Zıpçıktı Cafer Rolüyle Tanıyıp Erken Kaybettiğimiz Galatasaray Tribünü Efsanesi: Şenol Coşkun
kendisi koyu bir galatasaray taraftarıdır. televizyonlara cıkmadan ve ünlü olmadan önce doksanlı senelerin başı, ve ortalarında galatasaray kapalı tribününde cok ünlü bir isimdi..
florya, ali sami yen stadı arasında gidip gelen, arif erdem, norman mapeza ve hakan şükür'ün elini öpüp ara sıra da orhan gencebay şarkıları söyleyen, elinde tokmak davula vururken uzaklara dalan unutulmaz birisiydi galatasaray kapalı tribünü icin. 94 senesinde bursaspor ile oynanan şampiyonluk maçından sonra kupa ile tur atıp kulüp tarihine de geçti.

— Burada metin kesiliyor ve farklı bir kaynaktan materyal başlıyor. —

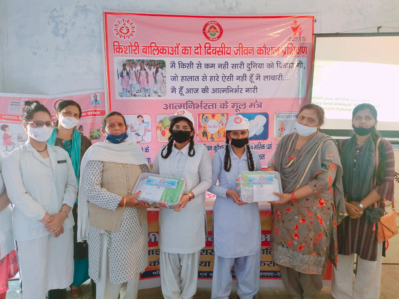 कार्यक्रम में किशोरियों का हीमोग्लोबिन टेस्ट, सूक्ष्म जलपान, आयरन फोलिक एसिड की टेबलेट, मास्क, कैप, किशोरी किट आदि वितरित की गई।
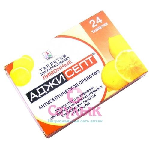 Аджисепт ® , таблетки для рассасывания [лимонные]. Активный ингредиент: 2,4-дихлорбензиловый спирт 1,2 мг Амилметакрезол 0,6 мг Вспомогательные ингредиенты: Сахароза, декстроза, лимонная кислота безводная, ментол, ароматизатор лимонный, краситель солнечный закат желтый, краситель хинолиновый желтый, вода очищенная.
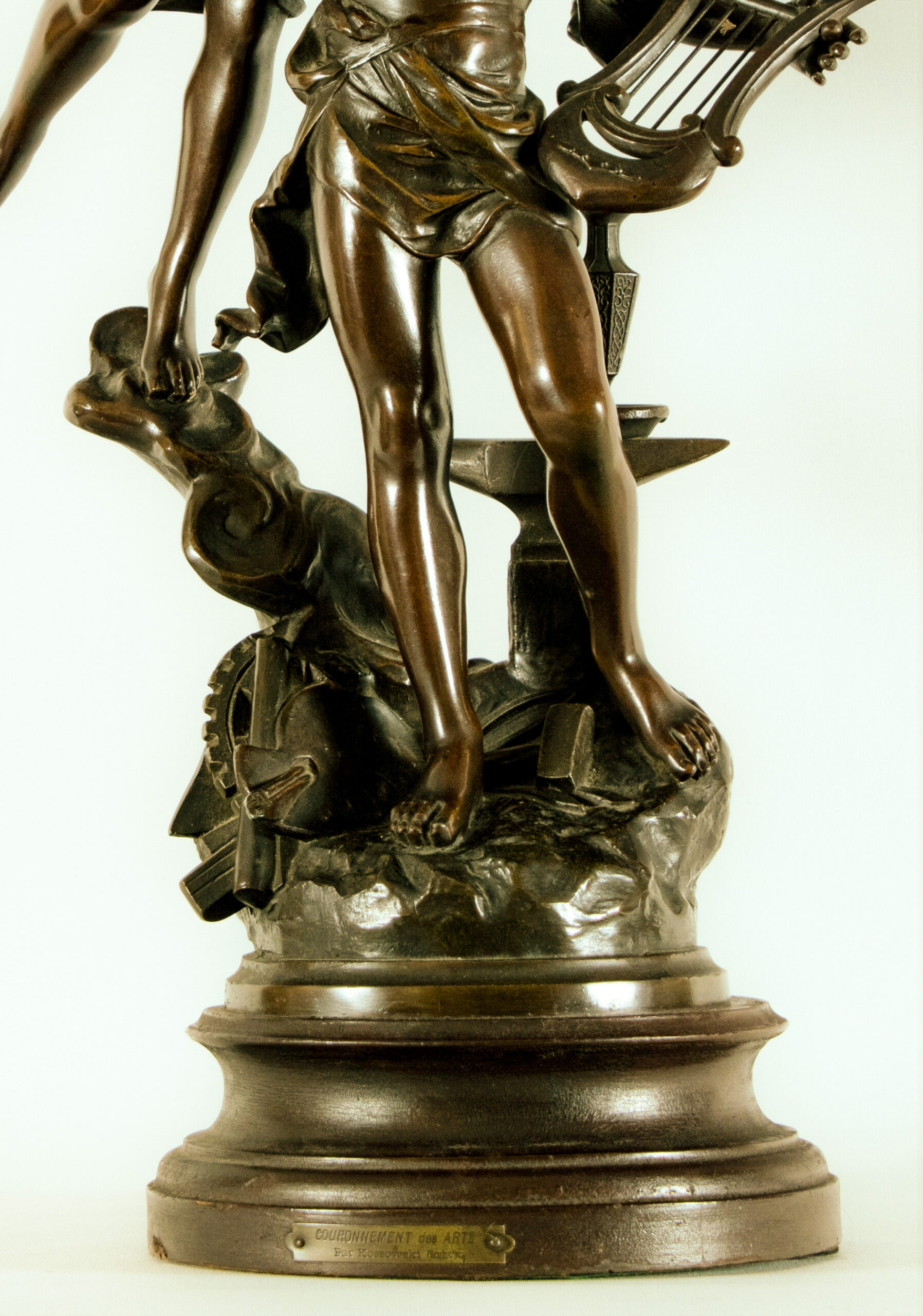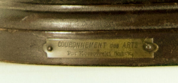 Kossowski, a Polish sculptor active in France, exhibited at the Paris Salon and is known for his expressive allegorical and historical figures. This example bears his engraved signature and is titled “Couronnement des Arts”, celebrating the triumph and patronage of artistic achievement.

daha sonra yabancı filmlerin türk versiyonlarının sıklıkla yapıldıgı bir dönemde terbiyesiz cafer rolü ile problem cocuk filminin türkce versiyonu olan zıpcıktı filminde başrol oynadı ve tanındı.

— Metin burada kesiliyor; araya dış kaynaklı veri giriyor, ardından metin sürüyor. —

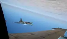 In 2016, Alexander Galkin, the Russia's Southern Military District commander, said Su-25s had flown more than 1,600 sorties and dropped around 6,000 bombs since the beginning of Russia's intervention in September 2015.[60] In September 2017, the Russian Ministry of Defence released a video showing two Su-25s helping to rescue Russian troops encircled by Tahrir al-Sham militants.[61] Two months later, a pair of Su-25s flying near Mayadin, in eastern Syria, was suddenly intercepted by a U.S. F-22 jet which abruptly entered the flight path of the two Russian warplanes and deployed flares and chaff in an attempt to cause the Su-25s to change their heading. The United States claimed the incident was not a provocation but a response to the Russian jets crossing the Euphrates River deconfliction line and not responding to radio calls.[62]
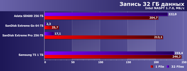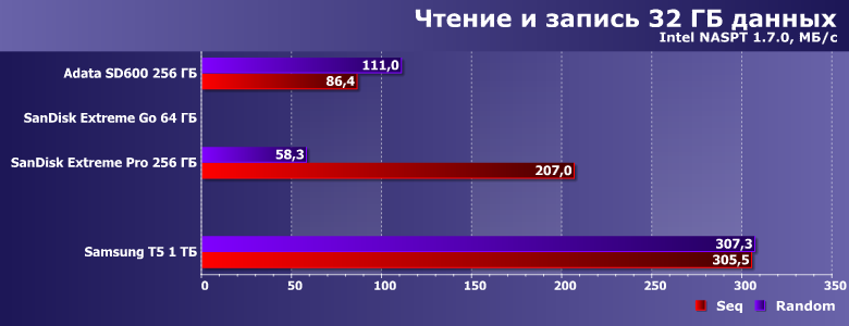 Поскольку некоторое время назад мы меняли тестовый стенд, сравнивать тестируемые устройства особо не с кем — накопление результатов только началось. Да и ранее внешних SSD такой емкости не тестировали, так что в этот раз для сравнения взяли не конкурирующие в прямом смысле слова накопители, а пару быстрых флэшек (SanDisk Extreme Go 64 ГБ и SanDisk Extreme Pro 256 ГБ) и внешний SSD на 256 ГБ (Adata SD600), благо нашлись «под рукой».
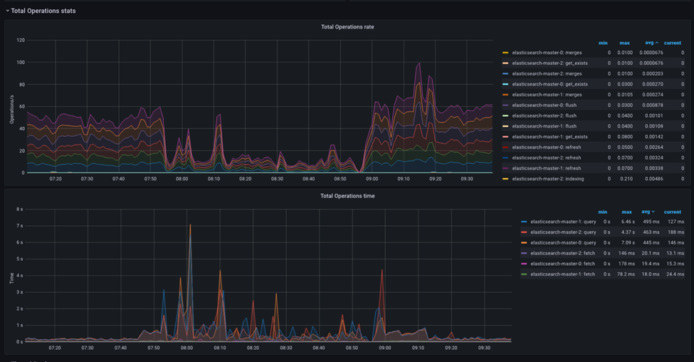 - Este panel muestra la velocidad a la que se realizan las operaciones en el clúster de Elasticsearch, desglosadas por operaciones de indexado, búsqueda, obtención y eliminación.

ün, şan ve şöhret onu degiştirmedi. galatasaray tribününden kopamadı ve her zaman burnunu cekerek hakan şükür'ü yumruk şova cagırdı.
aynı dönemde aynı ilkokulda beraber okuduğumuz mazlum, sevimli bazen de kabul edilebilir dengesizlikleri olan bir arkadaşımızdı.

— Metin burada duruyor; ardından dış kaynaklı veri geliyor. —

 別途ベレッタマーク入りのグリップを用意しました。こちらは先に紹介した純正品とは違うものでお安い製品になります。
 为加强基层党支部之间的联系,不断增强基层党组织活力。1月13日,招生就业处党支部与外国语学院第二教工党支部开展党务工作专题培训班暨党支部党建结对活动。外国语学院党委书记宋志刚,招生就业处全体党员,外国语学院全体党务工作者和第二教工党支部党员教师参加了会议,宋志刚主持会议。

bilemediğim bir rahatsızlığı vardı bu nedenle hem anatomik hemde zeka olarak bir çocuk gibiydi. 15-16 yaşlarında rol aldığı zıpçıktı filminde herkes onu 7-8 yaşında bir çocuk olduğunu düşündü ama o malesef rahatsızlığı sebebiyle yarı yaşıtları gibiydi.
yaşamını yitidiğini yeni öğrendim, hemen çocukluğumuzda yan arsada beraber top oynadığımız zamanlar geldi aklıma.
allah rahmet eylesin, mekanı cennet olsun.
çok çekmişti çocukluğunda, ebediyette mutlu olur inşallah.
çok iyi tanımasam da bizim mahallenin çocuğuydu. filmlerde oynamadığı zaman berberin, bakkalın biraz da küçümseyerek eğlendiği bir çocuktu. renkli ekranda görününce kıymete bindi, ama ailesi çok da bir şey kazanmadı zannediyorum.
birkaç yıl evvel hastalığından ötürü öldü dediler. aklımdan çıkıp gitti. geçen gün yine kambur, şenol gibi yürüyen bir çocuk gördüm. caddedeki çocukluk arkadaşlarıma sordum, şenol'un kardeşi dediler. aynı hastalıktan o da muzdaripmiş. aynı abisi gibi amına koyim diyormuş. ailesine kızdım, çocuğa acımamaya çalıştım, durağa kadar yürüdüm.